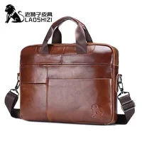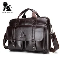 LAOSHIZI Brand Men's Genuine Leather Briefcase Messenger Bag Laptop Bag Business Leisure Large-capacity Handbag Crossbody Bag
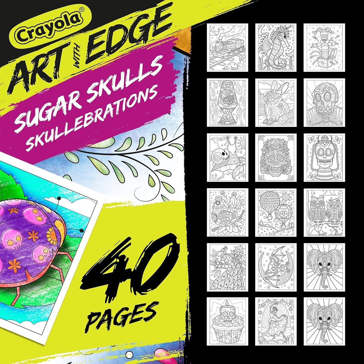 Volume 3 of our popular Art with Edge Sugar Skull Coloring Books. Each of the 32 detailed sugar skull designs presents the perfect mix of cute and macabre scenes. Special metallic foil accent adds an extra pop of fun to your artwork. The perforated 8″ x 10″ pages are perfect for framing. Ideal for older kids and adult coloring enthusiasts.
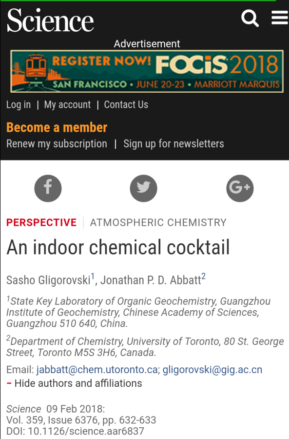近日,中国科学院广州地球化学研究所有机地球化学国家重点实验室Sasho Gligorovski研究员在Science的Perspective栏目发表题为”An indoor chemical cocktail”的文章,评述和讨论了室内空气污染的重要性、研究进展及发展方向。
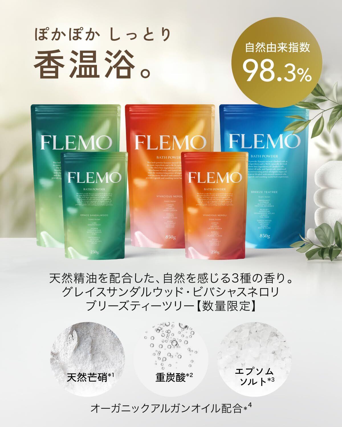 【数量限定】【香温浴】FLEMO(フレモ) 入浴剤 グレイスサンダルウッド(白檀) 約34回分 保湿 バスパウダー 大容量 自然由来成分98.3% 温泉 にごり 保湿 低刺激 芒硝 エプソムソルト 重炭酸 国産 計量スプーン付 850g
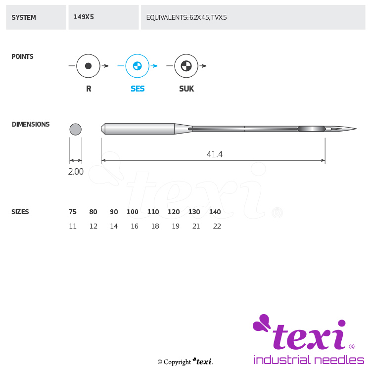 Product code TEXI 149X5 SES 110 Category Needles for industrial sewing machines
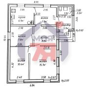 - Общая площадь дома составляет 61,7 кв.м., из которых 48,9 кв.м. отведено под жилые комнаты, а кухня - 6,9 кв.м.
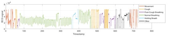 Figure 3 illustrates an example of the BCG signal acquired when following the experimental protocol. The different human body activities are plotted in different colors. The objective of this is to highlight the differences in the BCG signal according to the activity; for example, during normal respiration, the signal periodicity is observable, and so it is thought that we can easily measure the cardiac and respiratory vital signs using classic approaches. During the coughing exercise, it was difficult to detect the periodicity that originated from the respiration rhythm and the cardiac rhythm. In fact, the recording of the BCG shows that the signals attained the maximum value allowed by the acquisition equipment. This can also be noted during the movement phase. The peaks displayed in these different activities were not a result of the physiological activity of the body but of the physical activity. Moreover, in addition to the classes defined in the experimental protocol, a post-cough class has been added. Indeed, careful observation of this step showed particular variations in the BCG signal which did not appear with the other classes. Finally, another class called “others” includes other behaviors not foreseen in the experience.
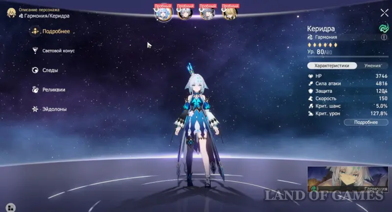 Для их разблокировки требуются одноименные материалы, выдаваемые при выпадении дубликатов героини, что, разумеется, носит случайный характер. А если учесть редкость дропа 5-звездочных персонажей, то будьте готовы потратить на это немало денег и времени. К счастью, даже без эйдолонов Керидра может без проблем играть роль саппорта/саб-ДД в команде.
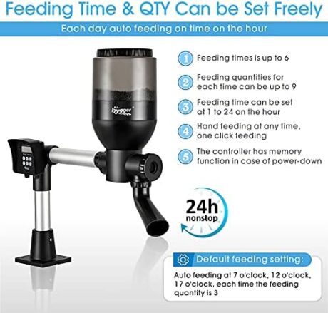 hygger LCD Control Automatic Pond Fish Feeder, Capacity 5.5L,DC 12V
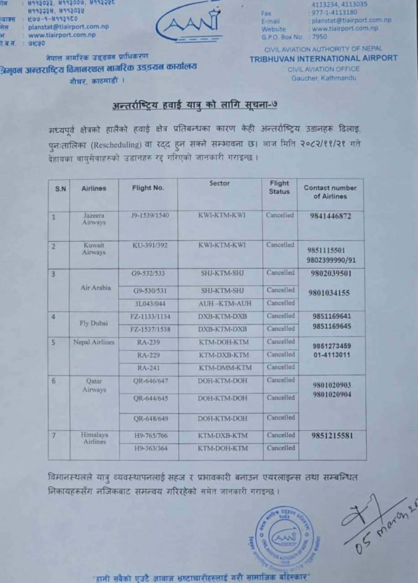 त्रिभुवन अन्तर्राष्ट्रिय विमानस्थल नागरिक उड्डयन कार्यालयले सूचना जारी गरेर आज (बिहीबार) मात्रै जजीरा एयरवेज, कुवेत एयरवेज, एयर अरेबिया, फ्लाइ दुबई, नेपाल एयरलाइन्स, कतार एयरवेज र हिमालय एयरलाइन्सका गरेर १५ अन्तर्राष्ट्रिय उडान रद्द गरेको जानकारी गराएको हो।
*****
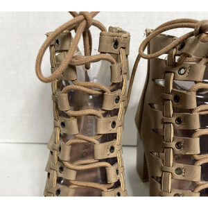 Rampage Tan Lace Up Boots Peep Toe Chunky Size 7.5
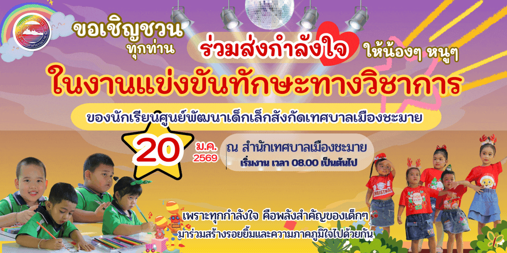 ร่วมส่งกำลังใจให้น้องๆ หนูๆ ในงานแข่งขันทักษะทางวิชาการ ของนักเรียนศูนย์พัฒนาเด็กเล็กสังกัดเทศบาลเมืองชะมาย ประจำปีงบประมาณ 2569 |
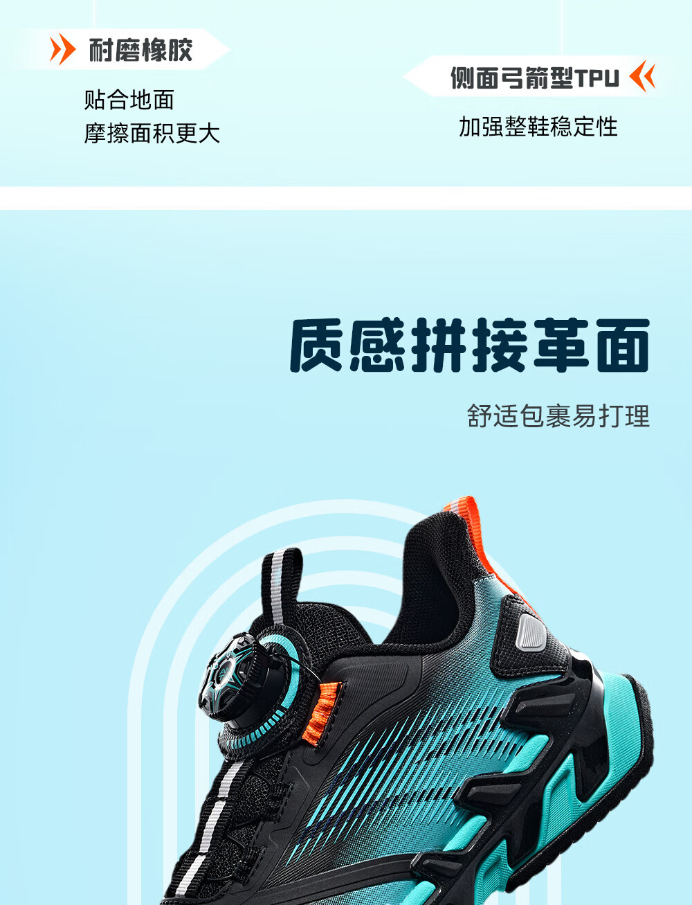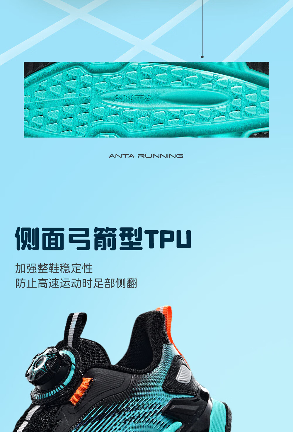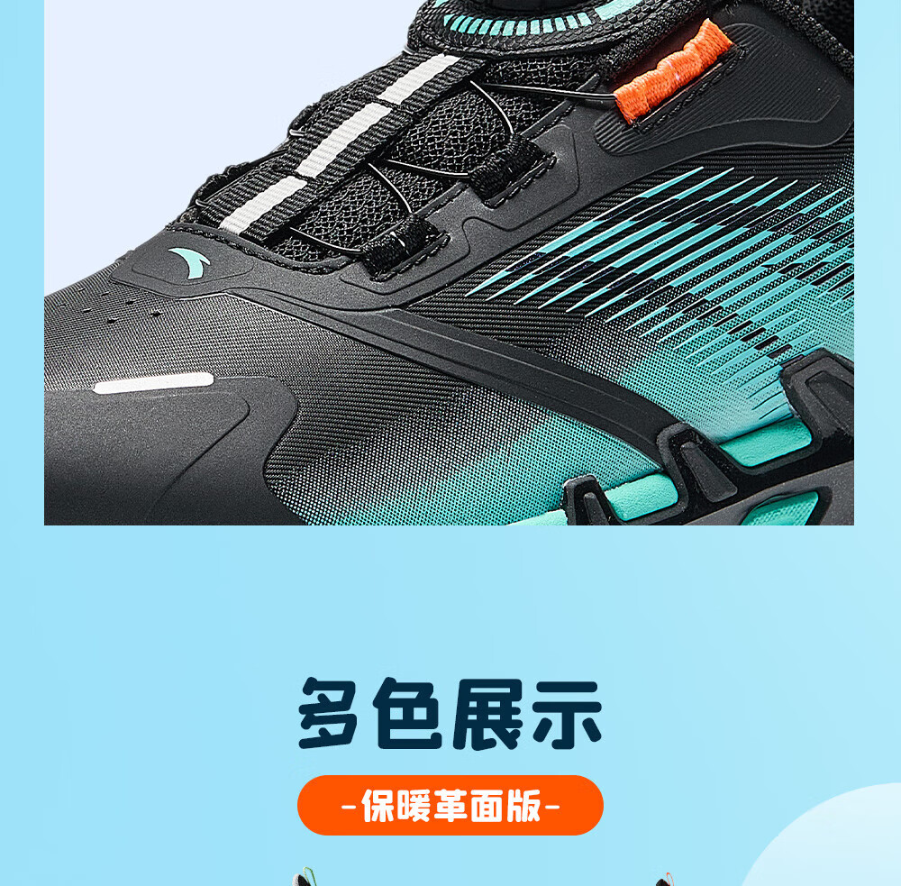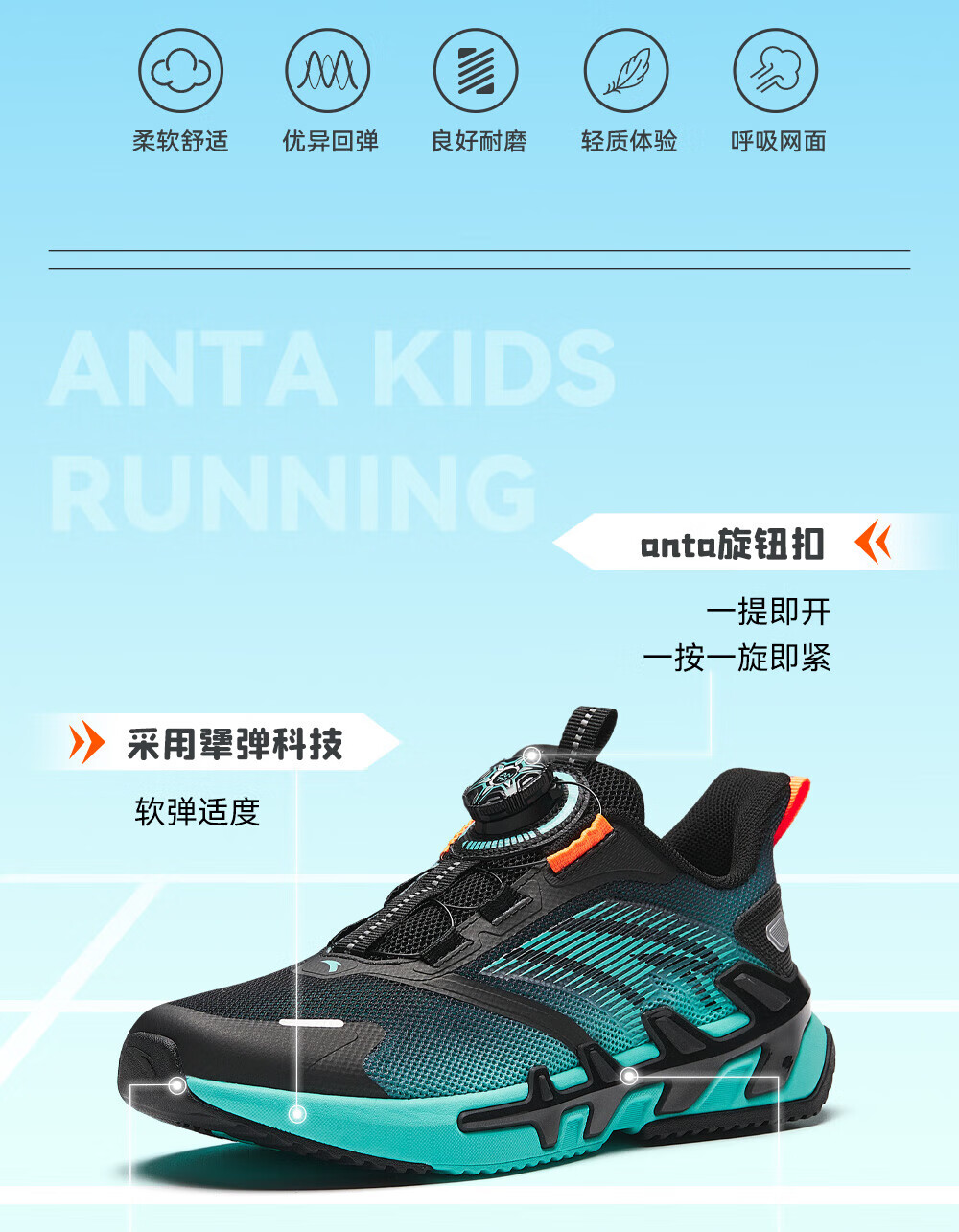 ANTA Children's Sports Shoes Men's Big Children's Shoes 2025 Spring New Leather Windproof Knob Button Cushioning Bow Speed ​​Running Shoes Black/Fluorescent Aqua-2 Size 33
*****
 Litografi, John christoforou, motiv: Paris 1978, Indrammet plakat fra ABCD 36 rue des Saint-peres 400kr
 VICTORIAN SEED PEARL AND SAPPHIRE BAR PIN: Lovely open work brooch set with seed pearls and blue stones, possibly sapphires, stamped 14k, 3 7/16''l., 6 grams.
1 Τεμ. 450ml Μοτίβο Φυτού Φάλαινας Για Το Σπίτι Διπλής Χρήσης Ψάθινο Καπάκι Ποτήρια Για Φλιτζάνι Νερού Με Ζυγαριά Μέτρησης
*****
## Activity
Your task is to restate, word for word, only those lines above that fall between the line holding "Litografi, John christoforou, motiv: Paris" and the line holding "1 Τεμ. 450ml", inclusive.

## Answer area
 Litografi, John christoforou, motiv: Paris 1978, Indrammet plakat fra ABCD 36 rue des Saint-peres 400kr
 VICTORIAN SEED PEARL AND SAPPHIRE BAR PIN: Lovely open work brooch set with seed pearls and blue stones, possibly sapphires, stamped 14k, 3 7/16''l., 6 grams.
1 Τεμ. 450ml Μοτίβο Φυτού Φάλαινας Για Το Σπίτι Διπλής Χρήσης Ψάθινο Καπάκι Ποτήρια Για Φλιτζάνι Νερού Με Ζυγαριά Μέτρησης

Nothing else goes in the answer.